I'm an R
and data.table
user trying to use more Python
and pandas
, and when I want to do the following in pandas
, I get so frustrated because there does not seem to be an easy way:
df = pd.DataFrame({'a': [1, 1, 2, 2], 'b': [0.2, 0.2, 0.2, 0.1], 'c': [10, 9, 10, 22], 'd': [2, 3, 3, 1]})
In R
if I wanted to sum the product of b
and c
and divide on the sum of d
, grouped on a
, I would just do:
df[, sum(b*c)/sum(d), by=a]
, but this seems hard for me to do elegantly in pandas
. I mean no offence, please don't hate me, it is probably just me not understanding pandas
yet.
Solution thus far:
df[["b", "c"]].prod(axis=1).groupby(df["a"]).sum()/df.groupby("a").d.sum()

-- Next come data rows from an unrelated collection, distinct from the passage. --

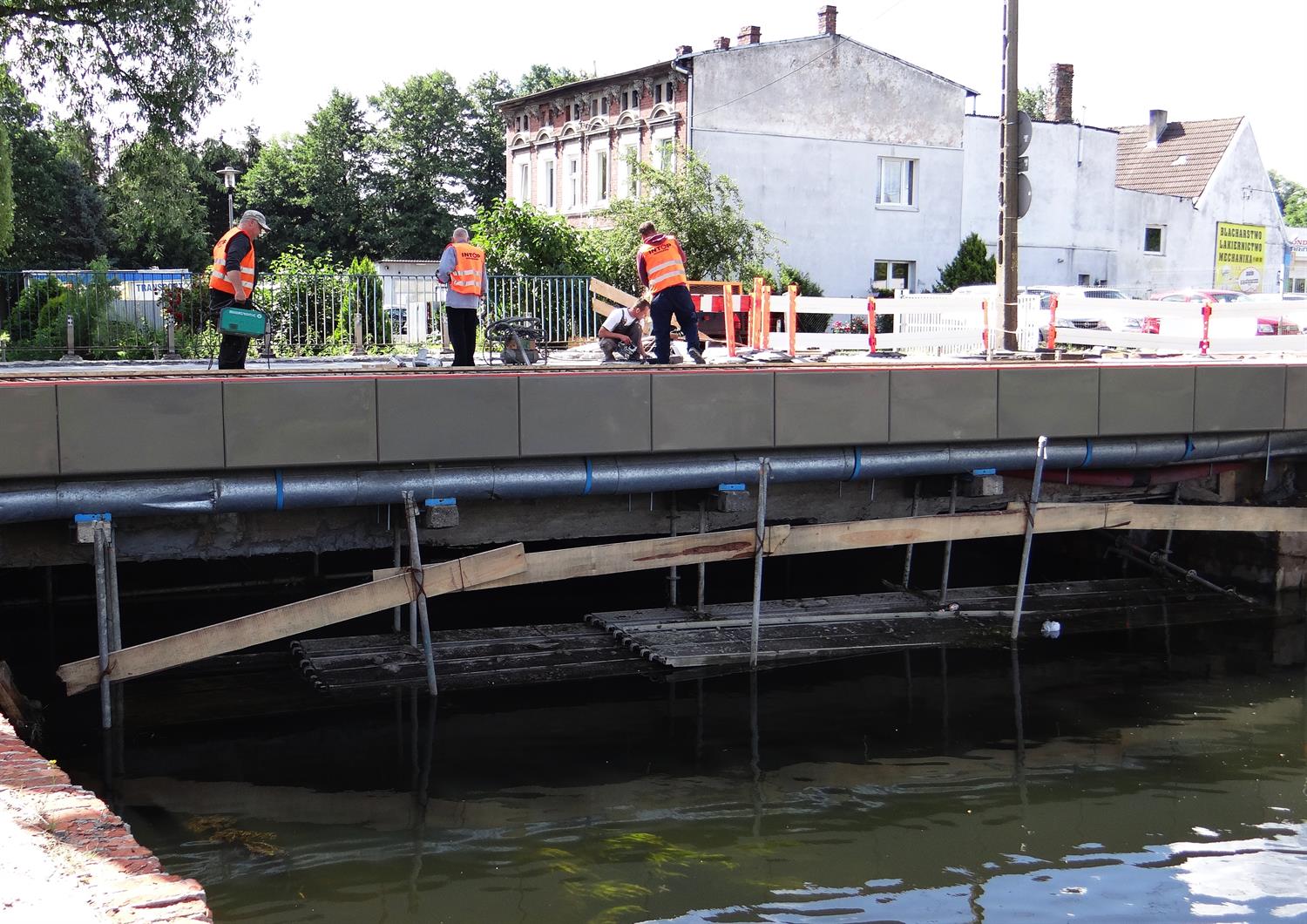 - Reprofilowana jest powierzchnia betonowa spodu płyty pomostu. Na dziś zaplanowano betonowanie płyty przejściowej, prace przy chodniku północnym. W tym tygodniu zacznie się zbrojenie i betonowanie chodnika południowego, po czym rozpocznie się układanie izolacji i warstw asfaltowych na moście i dojazdach - informuje Szymon Wasilewski, rzecznik prasowy ZDiTM.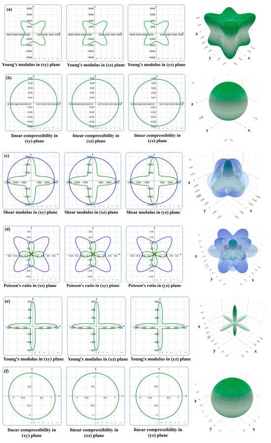 2D and 3D anisotropy distributions of (a–d) fcc-Fe and (e–h) NbN elastic modulus.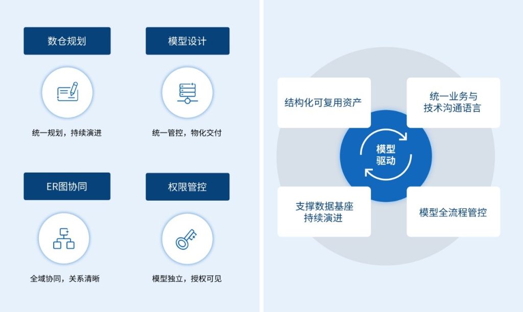 支持模型与数据标准直接引用、自动生成模型表关联关系及模型资产化管理,实现模型与标准的深度融合,提升模型规范性与复用性。

CodePudding user response:
I would have done the same as you did.
If you want you can also use groupby.apply
:
df.groupby('a').apply(lambda g: (g['b']*g['c']).sum()/g['d'].sum())
output:
a
1 0.76
2 1.05
dtype: float64
CodePudding user response:
If performance is important, avoid groupby.apply
- create helper column new
, aggregate both and last divide both columns:
s = (df.assign(new = df[["b", "c"]].prod(axis=1))
.groupby("a")[['new','d']]
.sum()
.eval('new / d'))
print (s)
a
1 0.76
2 1.05
dtype: float64